161 - `engine.dns_servers`: DNS servers passed to each step container with
162 Docker `--dns`.
163
164 For a single-host deployment, create a dedicated Docker bridge for
165 Actions jobs, run dnsmasq bound to that bridge, render
166 `/etc/shithubd-runner/dnsmasq.conf`, and set
167 `shithub_runner_dns_servers` to the bridge address of that resolver.
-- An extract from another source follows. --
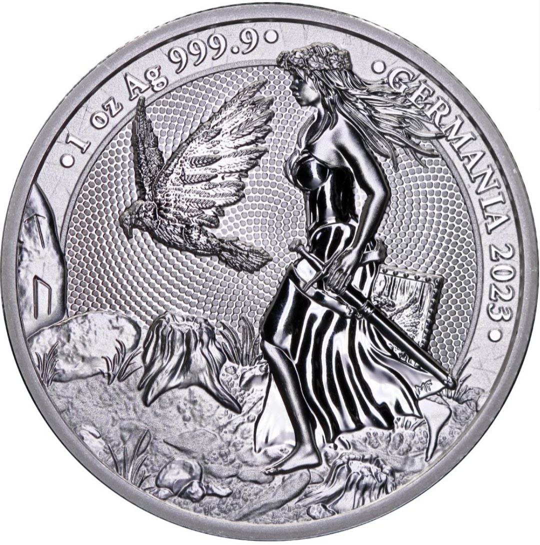 Реверс демонструє фігуру Германії — жіночого втілення нації, з мечем у руці, що впевнено крокує вперед. Біля неї летить сокіл, символ мудрості та провидіння. Фон оформлений у вигляді гравійованої структури з мікродеталізацією, що створює ілюзію глибини. Уздовж краю розміщені написи «1 oz Ag 999.9» і «GERMANIA 2023», які підтверджують вагу, чистоту металу та рік випуску.

168 The rendered dnsmasq config has no default upstream resolver; names not
169 matching the allowlist fail DNS resolution.
170
171 DNS filtering is not a complete egress boundary by itself. Block
172 direct-IP egress from the Actions bridge with host firewall rules, and
173 allow only DNS to the resolver plus established outbound connections
174 opened by that resolver. Keep the runner on a separate host from web
175 and database services.
176
177 ## Rollback
178
179 Stop the runner first so it does not claim new jobs:
180
181 ```sh
182 systemctl stop shithubd-runner
183 systemctl disable shithubd-runner
184 ```
185
186 If the binary itself is bad, copy a prior archived binary from
187 `/var/lib/shithubd-runner/binaries/` back to
188 `/usr/local/bin/shithubd-runner` and restart the unit. Jobs already
189 claimed by the stopped runner remain visible in the database; S41g adds
190 operator cancel/re-run controls.